Use Cases: 1. Get all test case runs under a specific test suite run execution 2. Fetch Test Run UDF values for all test case executions in a test suite run — always show Test Case Key, Summary, and Execution Status alongside UDFs 3. Fetch Test Run UDF values for a specific test case execution by tcRunID 4. Filter test case runs by Test Run UDF field values (e.g. show only runs where dropdown UDF = specific option) 5. Analyze individual test case execution results, status, and custom UDF metadata 6. Monitor test case run performance and execution trends 7. Generate detailed test execution reports including custom UDF data 8. Track test case run history and execution patterns 9. Validate test case run coverage and execution completeness 10. Audit test case run data with UDF values for compliance and quality assurance 11. Export detailed test case run data including Test Run UDFs for external reporting 12. Retrieve paginated test case run results for large test suite executions

Examples:

  1. Get all test case runs for test suite run ID '107021'

{
  "tsrunID": "107021",
  "viewId": 6887
}

Expected Output: Present as ONE unified table — never as a separate type+value breakdown. Example: | Test Case Key | Test Case Summary | Executed Version | Execution Status | Tested By | Environments UDF | Execution Type | Country | | MAC-TC-5 | Login - valid credential | v1 | Passed | varis | chrome, edge, safari | Functional | India > i3 | | MAC-TC-6 | Login - invalid password | v2 | Failed | john | firefox | Regression | - | Columns: Test Case Key (entityKey) | Test Case Summary (summary) | Executed Version (latestVersion) | Execution Status (runStatus) | then one column per UDF label. Use the UDF 'label' as column header. Show null UDF values as '-'.

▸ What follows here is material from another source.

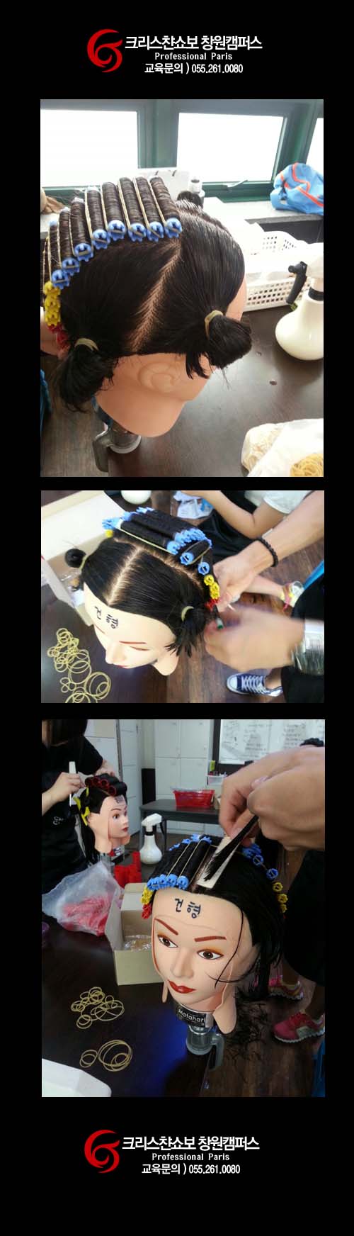 수업 및 학원모습 | 헤어자격증반 퍼머와인딩 하는모습

  1. Fetch Test Run UDF values for all executions in test suite run '728995'

{
  "tsrunID": "728995",
  "viewId": 79451,
  "start": 0,
  "page": 1,
  "limit": 20
}

Expected Output: Present as ONE unified table combining identification fields and UDF values — never a separate type+value breakdown. Example: | Test Case Key | Test Case Summary | Executed Version | Execution Status | Tested By | Environments UDF | Planned Execution Date | Execution Type | | MAC-TC-5 | Login test | v1 | Passed | varis | chrome, edge, safari | - | Functional | HTML is stripped from LARGETEXT UDF fields. Null values shown as '-'.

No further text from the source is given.